В последнее время в прессе появилось немало публикаций, где заключенные представляются несведущему читателю этакой серой, забитой массой, подавленными администрацией людьми, добрыми, жалкими. Есть и такие. Жизнь в местах заключения, конечно, унижает человека. Однако многие из них, совершив преступления на свободе, достаточно дерзкие и жестокие, «меняют кожу» в местах лишения свободы, умело маскируются, способны вызвать к себе жалость при встречах с легковерными людьми, не знающими, за что тот или иной человек оказался в местах заключения. Они же способны к совершению тяжких преступлений, сами унижают подчиняющихся им людей. Надо быть весьма осторожными в оценках людей, способных подчас к полному перевоплощению.

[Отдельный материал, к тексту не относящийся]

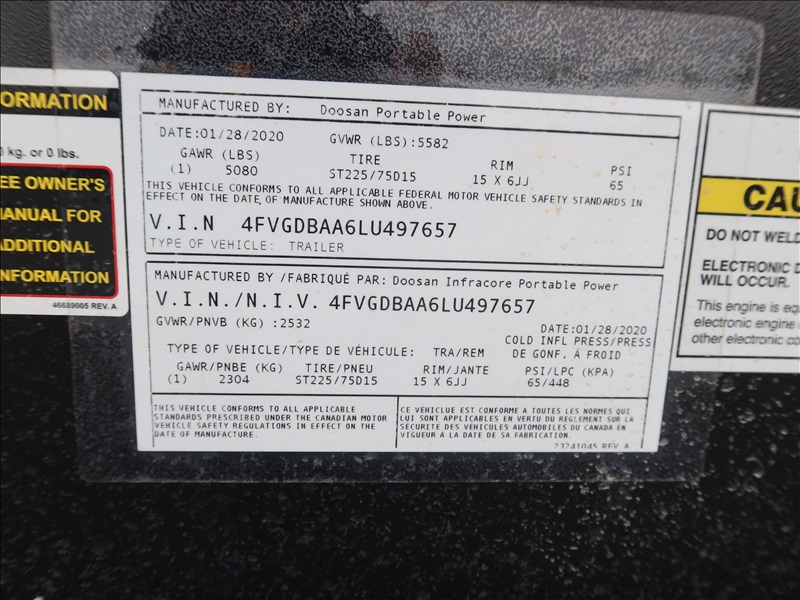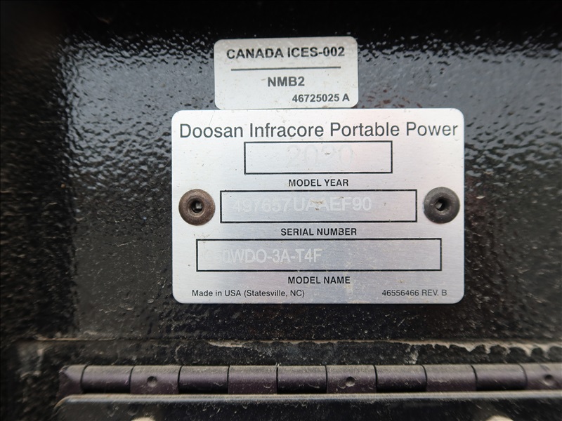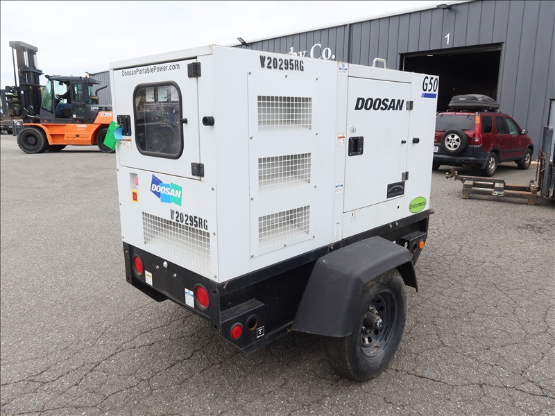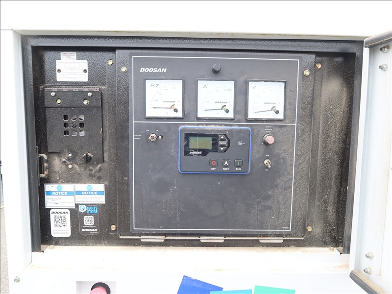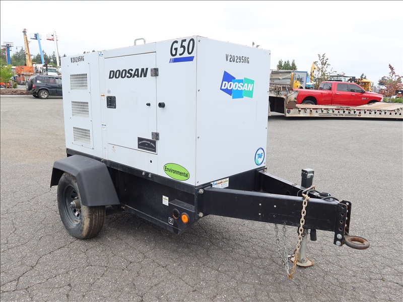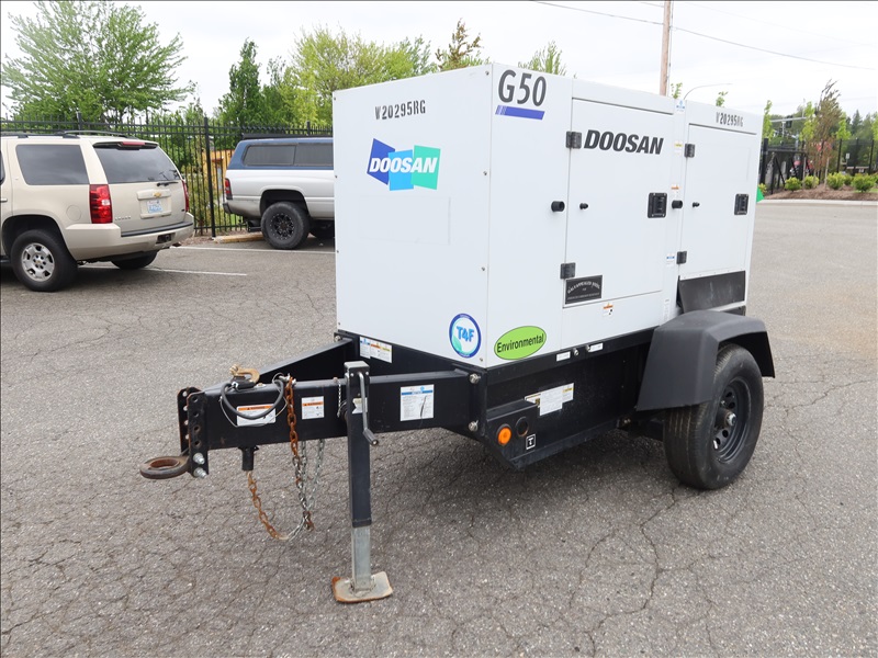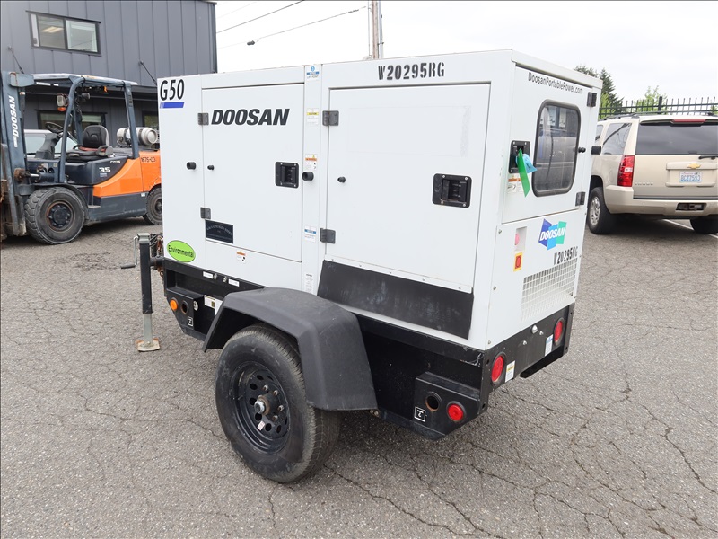 S/A, 48 KVA TRAILER MOUNTED GENERATOR, DOOSAN 4 CYL DIESEL, 120/208/240/480V, SINGLE OR 3 PHASE, ELECT BRAKES, HOUR METER READS: 4,286

Следует также иметь в виду одну психологическую особенность взаимного влияния заключенных на своих воспитателей и, наоборот, воспитателей на заключенных. Не нужно делать вид, что жестокие нравы, царящие среди преступников, и их аморализм не оказывают влияния на тех, кто должен противостоять им и перевоспитывать. Многие воспитатели берут себе «на вооружение» повседневную жестокость, поскольку видят, как послушно ведут себя те, которых таким образом «воспитывают». Иногда стирается грань между дозволенными методами принудительного воздействия и незаконными, что в конечном счете приводит тоже к специфическим преступлениям, совершенным уже самими сотрудниками мест заключения в отношении тех, кого они призваны воспитывать. Есть и другие формы такой преступности, когда, например, «воспитатели» вступают в сговор с «воспитуемыми», организовывают им «доставку» наркотиков, алкоголя и т. д. Человек, попавший в такую обстановку, может не выдержать ее не только психологически, но и психически. Поэтому удивляться, что среди заключенных немало невропатов и людей с дефектами психики, не приходится. Не всегда выдерживают и воспитатели. Это только со стороны можно предъявлять к ним претензии и говорить, что они плохо работают. Не всё так просто. Особенно если добавить к этому наличие оружия, которое приходится применять.
В США как-то был проведен эксперимент, когда несколько студентов юридического факультета одного из университетов анонимно были определены в одну из тюрем. О том, что это студенты, не знали ни заключенные, ни надзорный состав тюрьмы. Понадобилось примерно 10 дней, чтобы студенты восприняли все правила поведения заключенных и стали еще более агрессивными. Иначе они подверглись бы многочисленным издевательствам. В то же время некоторые из них обнаружили признаки психических расстройств. Всех их срочно пришлось «выводить» из тяжкого эксперимента.
И, наоборот, другая группа студентов, также анонимно, была определена на работу в тюрьму в качестве надзорсостава, который не отличался, мягко говоря, особой человечностью, много лет проведя в этих специфических условиях работы. Студенты также весьма быстро восприняли «правила работы». Многим понравилась практически неограниченная власть над людьми, которых они могли унижать безнаказанно, требовать от них выполнения действий, невозможных в обычных условиях человеческого общежития, отдельные студенты, отличавшиеся мягким характером, весьма быстро проявили жестокость, даже садизм, которых у них никто и не предполагал. У ряда студентов наступило временное нервное расстройство. Все это стало проявляться тоже примерно на 10-й день. Группу срочно вывели из эксперимента.
Сказанное говорит о том, что условия работы в исправительно-трудовых учреждениях настолько специфичны, что «ускоренной подготовки» профессиональных кадров не терпят. Слишком большие людские и нравственные потери несет общество в таких случаях.